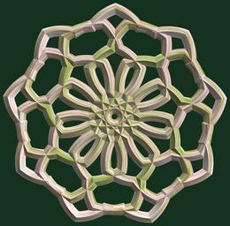 Keywords: mathematica 3d cg parametricplot3d texture torus code program algorithm プログラム コード アルゴリズム 輪環 りんかん ドーナツ どーなつ 六芒星 ろくぼうせい geometric sculpture geometricsculpture shape geometry sculpture mapping テクスチャ マッピング 模様 もよう abstract 抽象 ちゅうしょう アブストラクト design pattern デザイン パターン graphic グラフィック グラフィクス structure 意匠 構造 symmetry 対称性 たいしょうせい シンメトリー 対称 たいしょう organic pattern tangle black background a = 9; (* center hole size *) b = 6; (* hexa-torus *) c = 6; (* distance from the center of rotation *) d = 9; (* number of torus *) h = 0; (* height of a torus *) SetOptions[ParametricPlot3D, PlotRange -> Full, Mesh -> None, Boxed -> False, Axes -> False, PlotPoints -> 400, ImageSize -> 3000, Background -> RGBColor[{20, 50, 30}/255], PlotStyle -> Directive[Specularity[White, 40], Texture[Import["D:/tmp/862.jpg"]]], TextureCoordinateFunction -> ({#4 + #5, #5 / Pi} &), Lighting -> "Neutral"]; f[v_] := TriangleWave[{-1, 1}, v/(2 Pi)]; g[v_] := TriangleWave[{-1, 1}, v/(2 Pi) + 1/4]; x = (a - g[t] - f[b s]) Cos[s] + c; y = (a - g[t] - f[b s]) Sin[s] + c; z = (a - f[t] - h f[b s]); rm = Table[{x, y, z}.RotationMatrix[2 i Pi/d, {0, 0, 1}], {i, d}]; ParametricPlot3D[rm, {t, 0, 2 Pi}, {s, 0, Pi}] (*--- The Texture *) a = 9; (* center hole size *) b = 6; (* hexa-torus *) c = 6; (* distance from the center of rotation *) d = 9; (* number of torus *) h = 0; (* height of a torus *) SetOptions[ParametricPlot3D, PlotRange -> Full, Mesh -> None, Boxed -> False, Axes -> False, PlotPoints -> 400, ImageSize -> 3000, Background -> RGBColor[{20, 50, 30}/255], PlotStyle -> Directive[Specularity[White, 40], Texture[Import["D:/tmp/862.jpg"]]], TextureCoordinateFunction -> ({#4 + #5, #5 / Pi} &), Lighting -> "Neutral"]; f[v_] := TriangleWave[{-1, 1}, v/(2 Pi)]; g[v_] := TriangleWave[{-1, 1}, v/(2 Pi) + 1/4]; x = (a - g[t] - f[b s]) Cos[s] + c; y = (a - g[t] - f[b s]) Sin[s] + c; z = (a - f[t] - h f[b s]); rm = Table[{x, y, z}.RotationMatrix[2 i Pi/d, {0, 0, 1}], {i, d}]; ParametricPlot3D[rm, {t, 0, 2 Pi}, {s, 0, Pi}] (*--- The Texture *) |
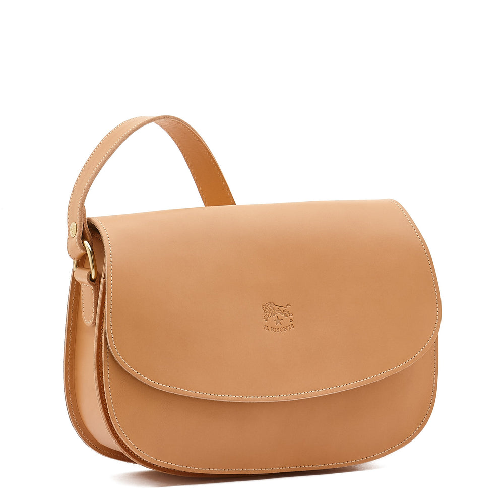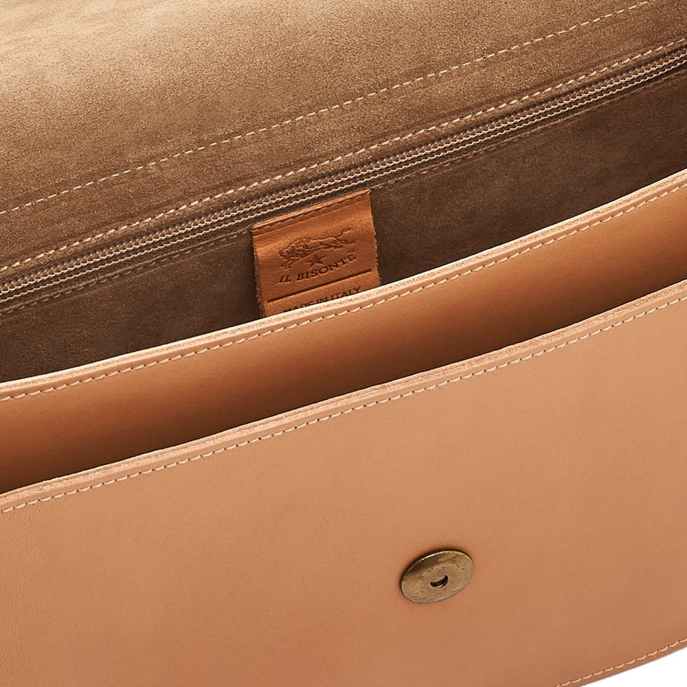 Sac bandoulière pour femme en cuir de vachette à tannage végétal, avec rabat à fermeture magnétique. Produit en Italie par les maîtres artisans de la filière à km 30 de Il Bisonte. Bandoulière réglable. Sous rabat en suède. L'intérieur, non doublé, contient deux grands compartiments et une poche en suède avec fermeture zippée et tirette en laiton.
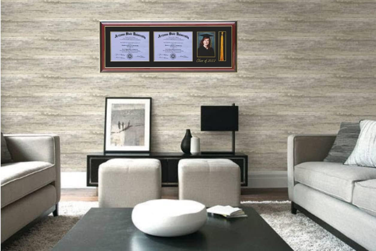 This beautiful horizontal frame will hold two diplomas with a tassel and a 5x7 picture. Please note that the tassel is not included. For personalization we are only able to print the graduation class year. Please see pictures for reference. NEED A DIFFERENT SIZE? Visit our storefront 3ART.
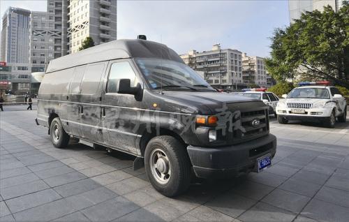 市公安局车库停着一辆黑色的福特厢式货车,外观上没什么特别,可里面却别有洞天,这就是“动中通”卫星车。
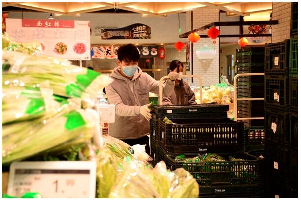 新闻发出的同时,曹运军就先后接到了北京市大兴区商务局和集团的通知,七鲜超市作为周边民生重点的保障单位,全面肩负起这次居家隔离居民的保供任务。这样一来,泰禾中央广场店和大悦春风里店不仅要承担起日常服务周围居民的重任,还要成为保障四大社区周边18个隔离小区超过2万户居民生活物资供应的“生命线”。
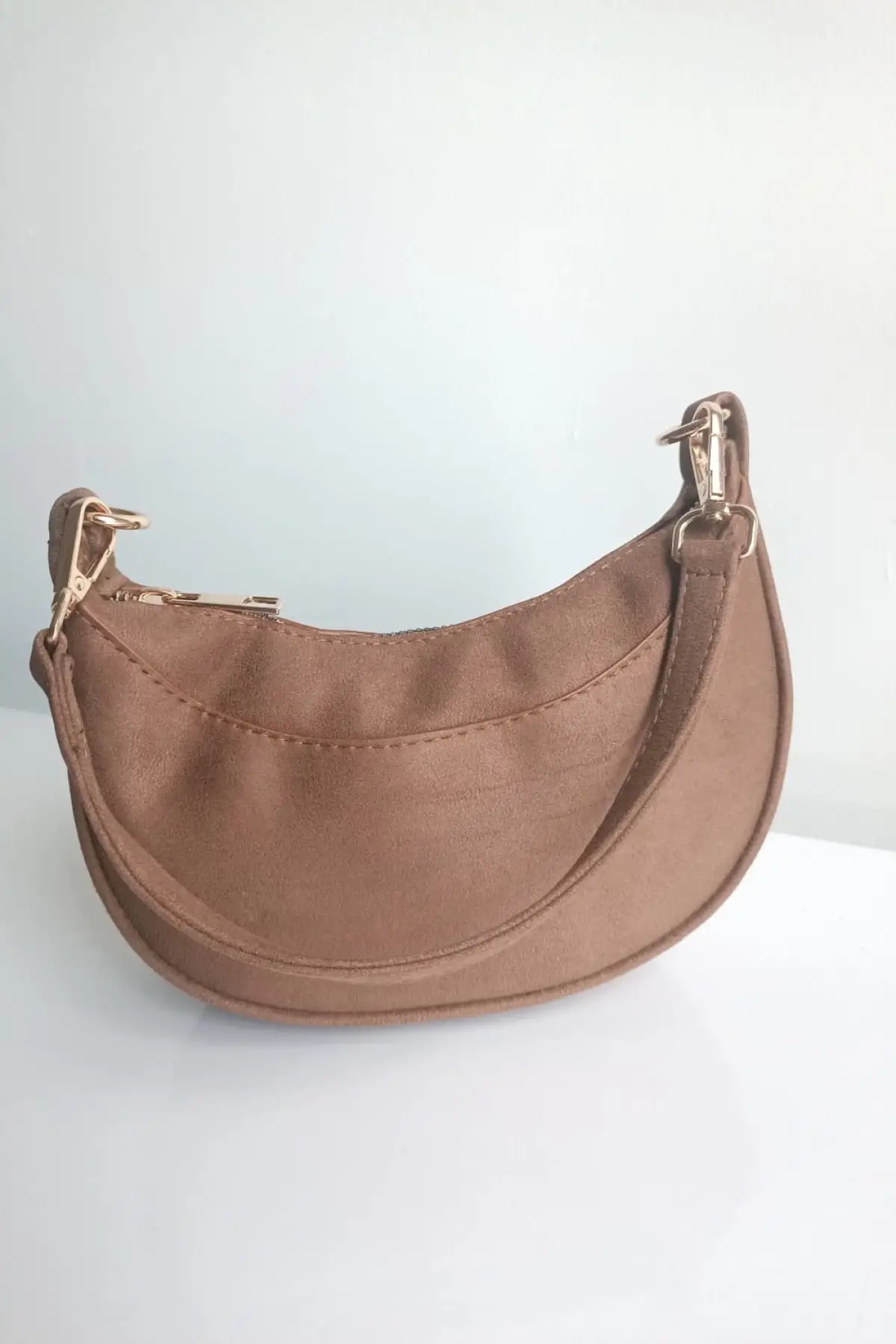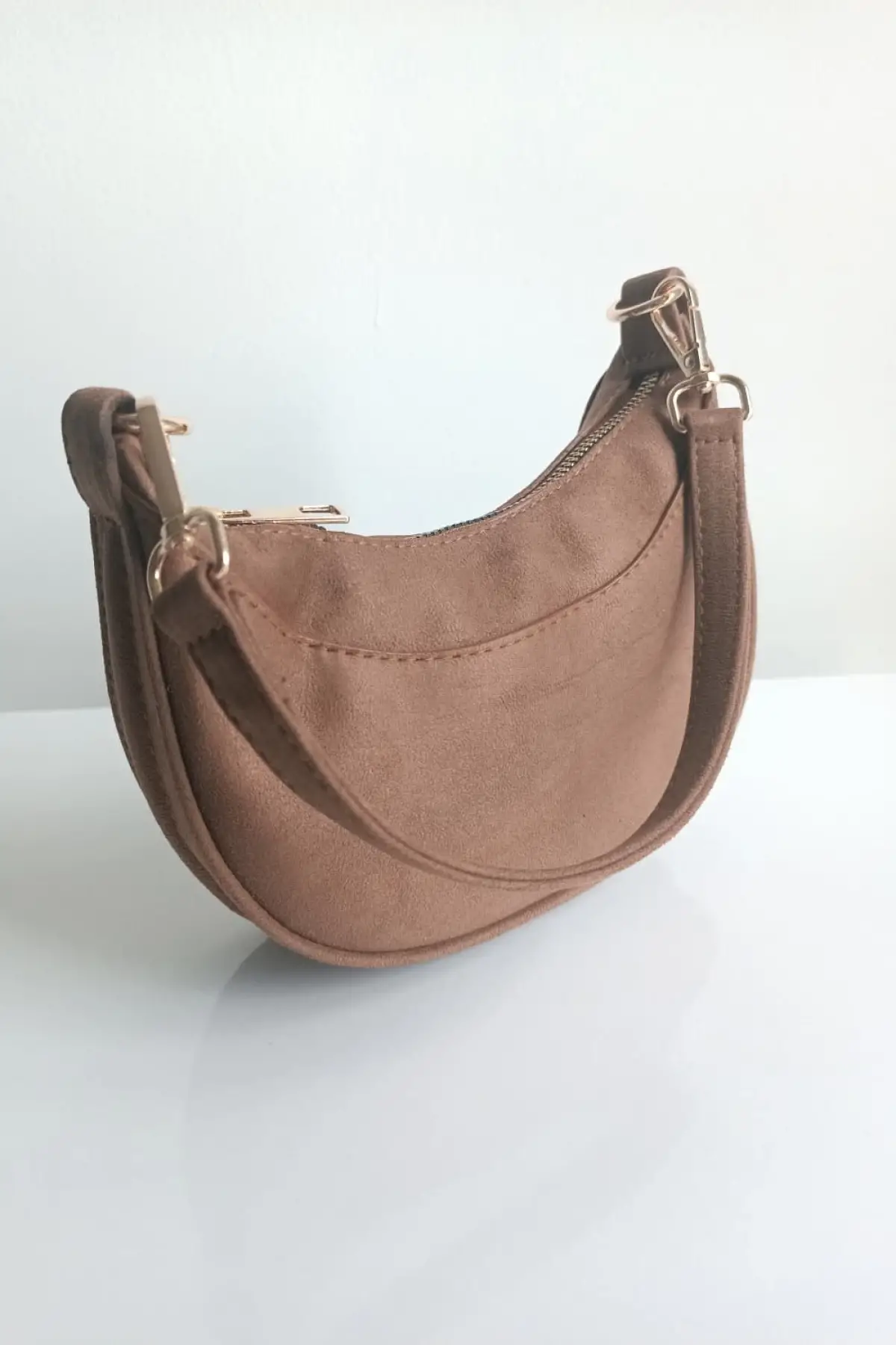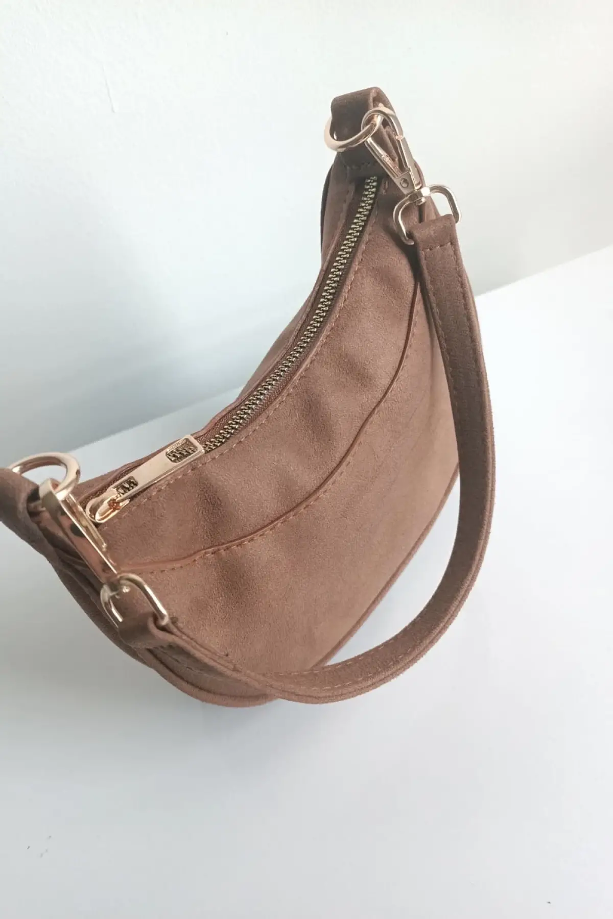 Vanya Taba Süet Mini Fermuar Kapamalı Kadın El Ve Omuz Çantası
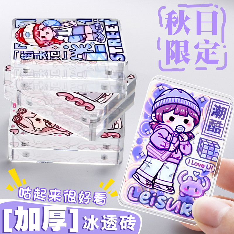 アクリルタイルdiy透明磁気吸盤かわいい麻雀カード写真フォトフレームカードステッカー
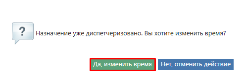 В появившемся сообщении подтверждаем корректность действий, нажатием на кнопку "Да, изменить время".
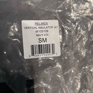 Relwen vertical insulator jacket- brand new with tags, never worn. Amazing company. Timeless piece. Navy. Size- small
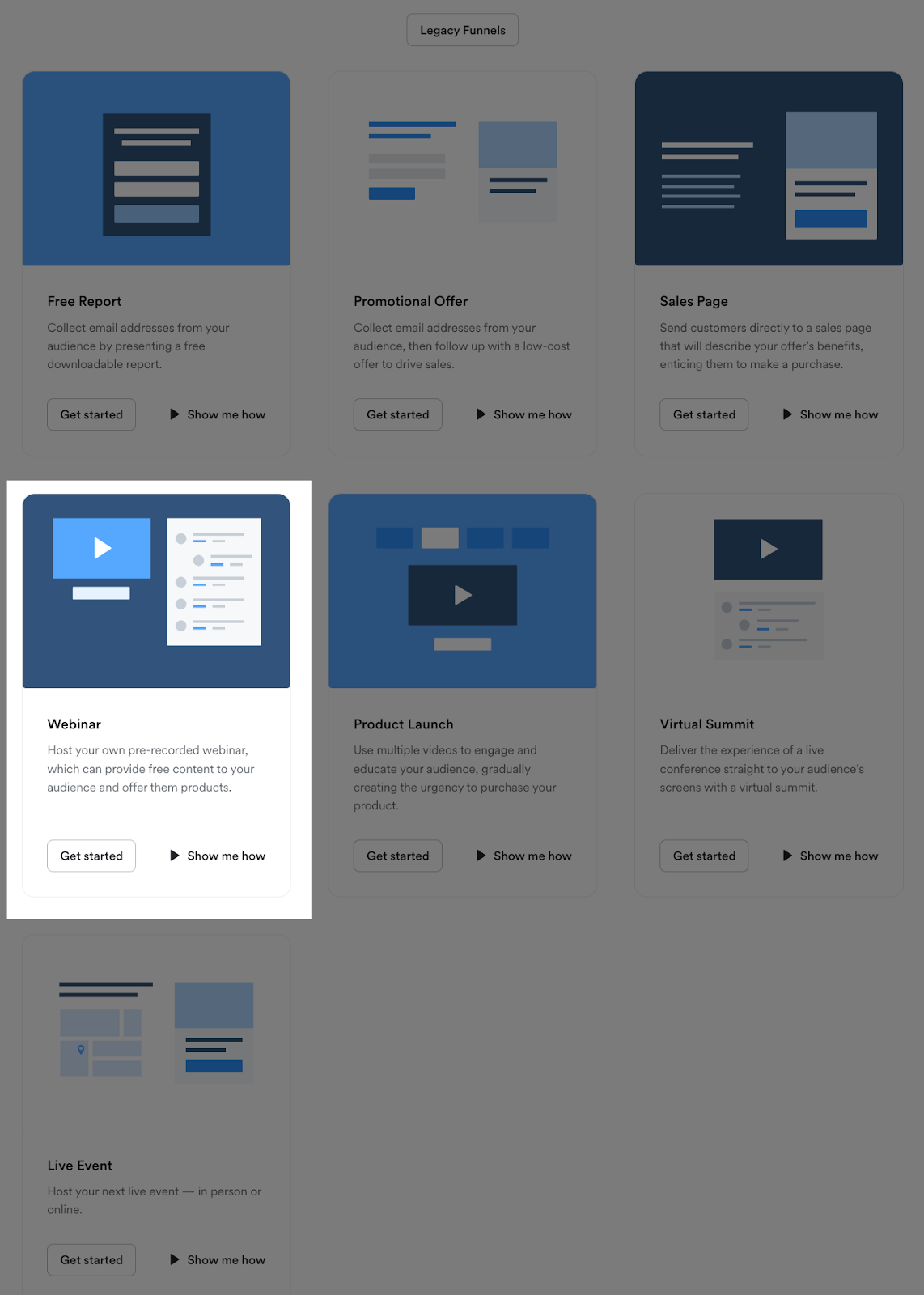 This will show you a bunch of additional templates. Select the one called Webinar to generate a live event blueprint funnel that will tie your event to your product and pages.

* [The task] How would the lines above read from the one with "Sac bandoulière pour" to the one with "新闻发出的同时,曹运军就先后", inclusive, with no pictures? Write them out exactly.

* [Exercise result]
 Sac bandoulière pour femme en cuir de vachette à tannage végétal, avec rabat à fermeture magnétique. Produit en Italie par les maîtres artisans de la filière à km 30 de Il Bisonte. Bandoulière réglable. Sous rabat en suède. L'intérieur, non doublé, contient deux grands compartiments et une poche en suède avec fermeture zippée et tirette en laiton.
 This beautiful horizontal frame will hold two diplomas with a tassel and a 5x7 picture. Please note that the tassel is not included. For personalization we are only able to print the graduation class year. Please see pictures for reference. NEED A DIFFERENT SIZE? Visit our storefront 3ART.
 市公安局车库停着一辆黑色的福特厢式货车,外观上没什么特别,可里面却别有洞天,这就是“动中通”卫星车。
 新闻发出的同时,曹运军就先后接到了北京市大兴区商务局和集团的通知,七鲜超市作为周边民生重点的保障单位,全面肩负起这次居家隔离居民的保供任务。这样一来,泰禾中央广场店和大悦春风里店不仅要承担起日常服务周围居民的重任,还要成为保障四大社区周边18个隔离小区超过2万户居民生活物资供应的“生命线”。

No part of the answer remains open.